Ich denke, dass eine gewisse Art von Respekt einfach zu jeder Beziehung dazu gehört und er muß auch nicht den gesamten Haushalt schmeißen, aber ab und zu mal den Staubsauger von sich aus anwerfen oder mal entsorgen gehen, da spricht finde ich nichts dagegen. - Hat ihn ja früher auch nicht gestört.

Irgendwann werde ich schließlich auch wieder arbeiten gehen. Wer macht denn dann den Haushalt bzw. betreut die Kinder nach der Arbeit?

Sorry, aber das ärgert mich schon, dass man NUR WEIL MAN EIN MANN IST, sich nicht mehr um den Haushalt kümmern soll bzw. um seine Kinder.

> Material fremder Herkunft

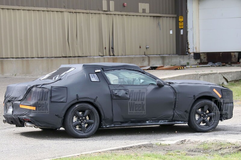 Als we een beetje voorbij de vuilniszakken om de koets kijken, kunnen we vaststellen dat de komende Mustang ongeveer dezelfde proporties en uitstraling zal krijgen als het model dat hij opvolgt. De lange neus blijft natuurlijk, waarbij naast hoekige vormen opnieuw een prominente grille valt te onderscheiden. Ford probeert ons op het verkeerde been te zetten door onnodig materiaal onder de camouflage op het dak te stoppen, zodat we de echte daklijn nog niet kunnen zien, maar op de beelden van de zijkant is al duidelijk zichtbaar dat de aanstaande ponycar opnieuw een daklijn krijgt die vloeiend over loopt in een dikke derrière. En dat is natuurlijk precies hoe we het willen bij een auto van dit kaliber. Subtiele lijnen laten we wel lekker over aan andere modellen...

Das ist einfach nicht fair.

6

Hallo,

mir kam grad der Gedanke, das dein Mann vielleicht die Meinung vertritt, das er schließlich den ganzen Tag arbeitet und das Geld verdient und sich somit einfach nicht mehr für den Haushalt zuständig fühlt.
Schließlich bist DU die Hausfrau und hast doch den ganzen Tag Zeit dafür...*brech*

Fragst du ihn denn "wann" er denn mal dies und jenes tun will?
Vielleicht braucht er von dir eine klare Ansage, von wegen:
Wenn du gleich gehst, nimm bitte den Müll mit etc...

Habt ihr denn schonmal ganz offen miteinander über eure Probleme gesprochen?
Sonst ist eine Paartherapie vielleicht noch der richtige Weg, bevor alles den Bach runtergeht...

Alles Gute euch,
Andrea

5

das was du uns berichtest kann vieles bedeuten. vielleicht wollte er selbst (noch) nicht vater werden und bestraft dich nun (unbewußt) mit seiner nichtteilnahme am familienleben? möglich ist alles.
auch finde ich es blöd, wenn die frauen ihre männer zur geburt in den kreissaal "zerren"... mache wollen eben nicht, dann brauchen sie sich auch nicht zu wundern, wenns anschließend keinen sex mehr gibt.